» **Input data**
= = = =

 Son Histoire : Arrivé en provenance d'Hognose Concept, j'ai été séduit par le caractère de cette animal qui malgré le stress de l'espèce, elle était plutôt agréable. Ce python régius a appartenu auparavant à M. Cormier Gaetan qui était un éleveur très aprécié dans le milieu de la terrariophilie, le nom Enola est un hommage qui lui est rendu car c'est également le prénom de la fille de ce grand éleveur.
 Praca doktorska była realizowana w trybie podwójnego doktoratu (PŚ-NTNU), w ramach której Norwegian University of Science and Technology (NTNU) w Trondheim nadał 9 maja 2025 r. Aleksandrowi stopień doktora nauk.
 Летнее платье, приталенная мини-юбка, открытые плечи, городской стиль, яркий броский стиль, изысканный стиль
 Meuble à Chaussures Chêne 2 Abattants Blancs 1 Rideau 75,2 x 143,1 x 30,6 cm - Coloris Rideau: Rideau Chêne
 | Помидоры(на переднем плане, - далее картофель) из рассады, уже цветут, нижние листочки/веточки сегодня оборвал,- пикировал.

= = = =

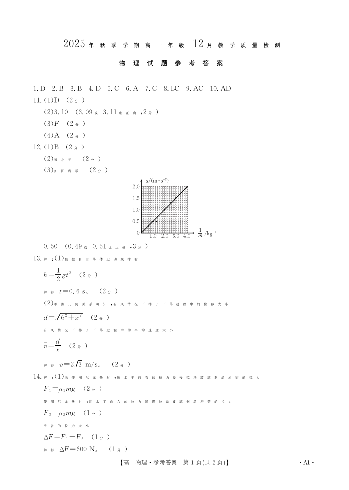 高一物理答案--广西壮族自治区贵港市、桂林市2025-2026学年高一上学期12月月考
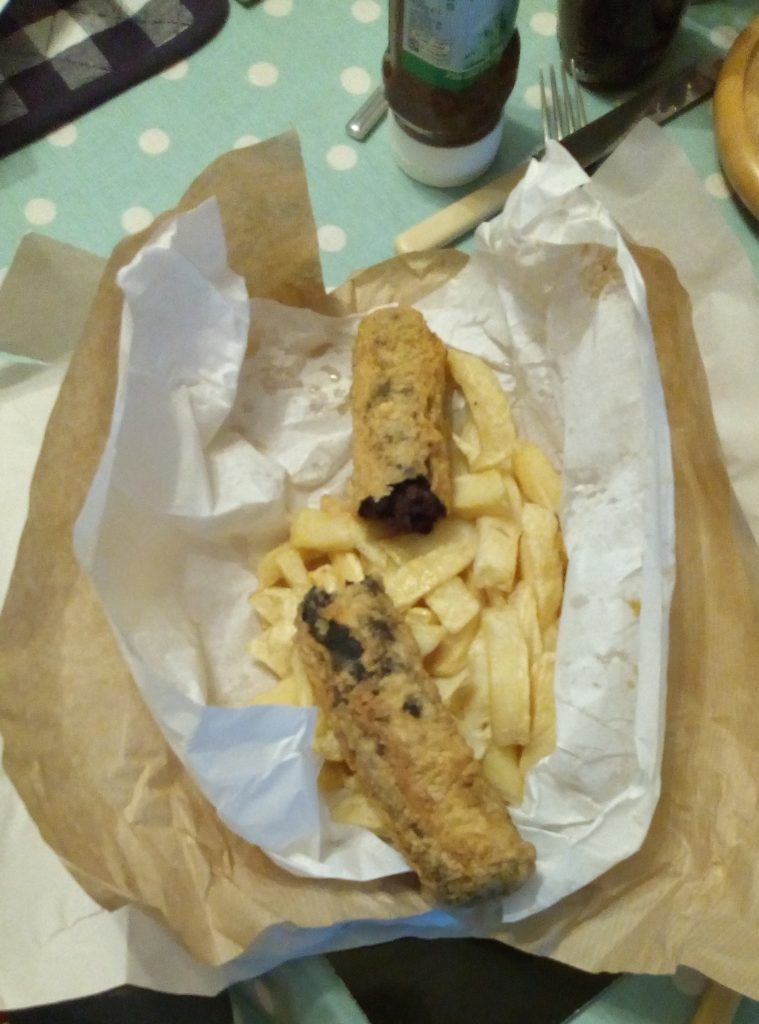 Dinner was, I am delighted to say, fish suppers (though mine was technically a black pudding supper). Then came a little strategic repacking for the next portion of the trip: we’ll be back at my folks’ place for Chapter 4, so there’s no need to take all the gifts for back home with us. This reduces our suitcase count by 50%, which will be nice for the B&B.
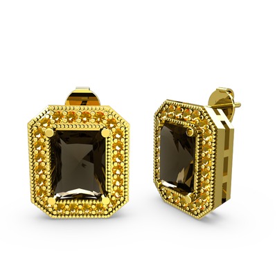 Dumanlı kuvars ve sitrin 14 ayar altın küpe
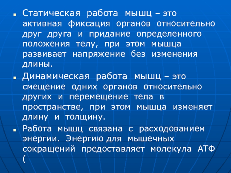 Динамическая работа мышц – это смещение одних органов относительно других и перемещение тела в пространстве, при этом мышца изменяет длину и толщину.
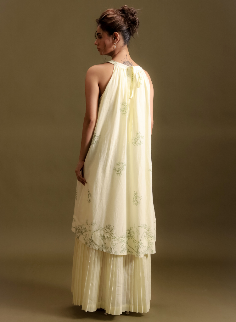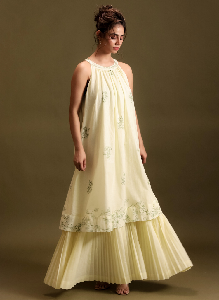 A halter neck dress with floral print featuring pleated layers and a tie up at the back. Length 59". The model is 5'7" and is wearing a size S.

= = = =

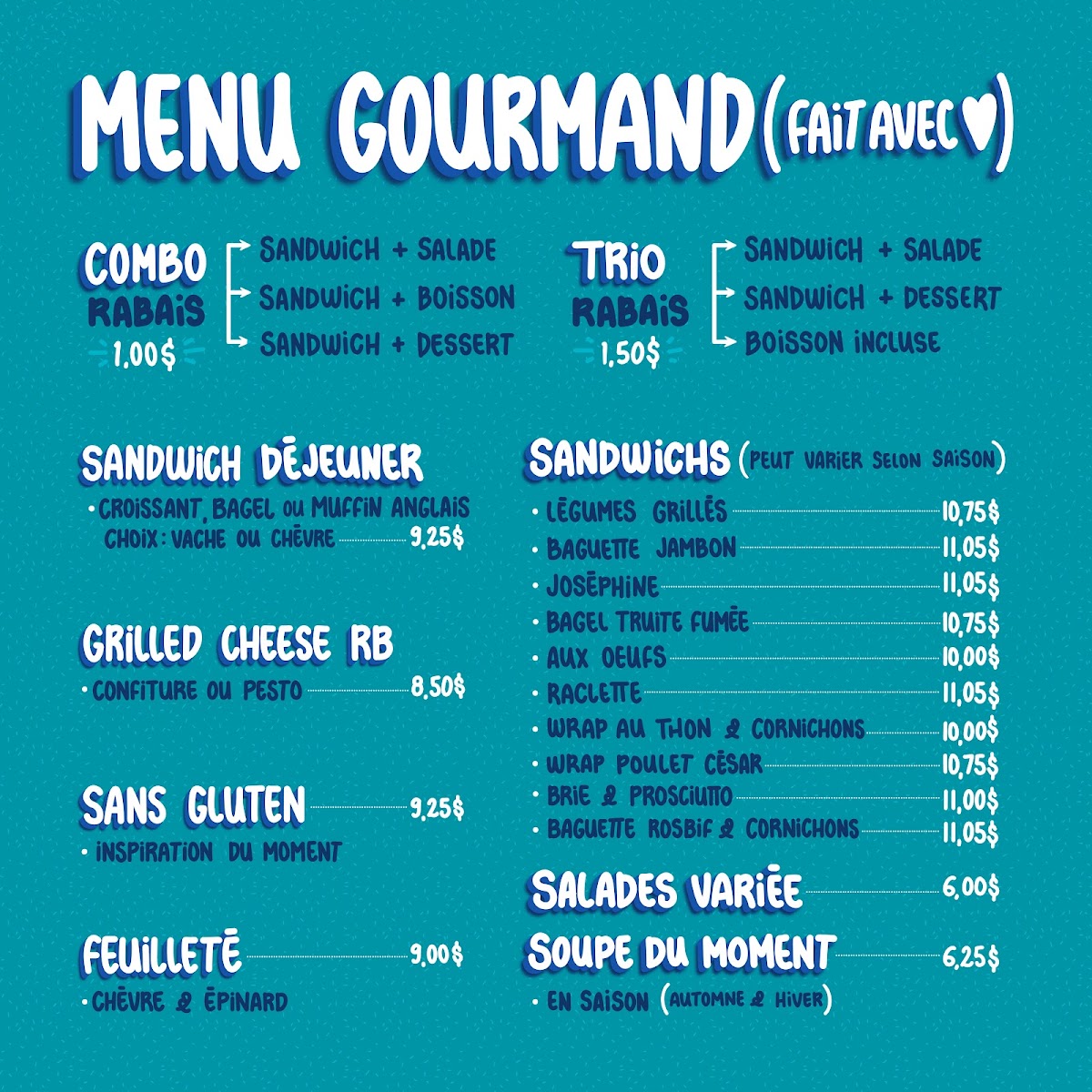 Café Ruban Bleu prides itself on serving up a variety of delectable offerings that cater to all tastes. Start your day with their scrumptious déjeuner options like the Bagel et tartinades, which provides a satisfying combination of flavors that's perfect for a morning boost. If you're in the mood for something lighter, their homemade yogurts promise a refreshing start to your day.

= = = =

» **Work order**
What you give back should be exactly the lines of the data above from the line with "Son Histoire : Arrivé" through the line with "Летнее платье, приталенная", both of those included, and nothing more.

» **Completed task**
 Son Histoire : Arrivé en provenance d'Hognose Concept, j'ai été séduit par le caractère de cette animal qui malgré le stress de l'espèce, elle était plutôt agréable. Ce python régius a appartenu auparavant à M. Cormier Gaetan qui était un éleveur très aprécié dans le milieu de la terrariophilie, le nom Enola est un hommage qui lui est rendu car c'est également le prénom de la fille de ce grand éleveur.
 Praca doktorska była realizowana w trybie podwójnego doktoratu (PŚ-NTNU), w ramach której Norwegian University of Science and Technology (NTNU) w Trondheim nadał 9 maja 2025 r. Aleksandrowi stopień doktora nauk.
 Летнее платье, приталенная мини-юбка, открытые плечи, городской стиль, яркий броский стиль, изысканный стиль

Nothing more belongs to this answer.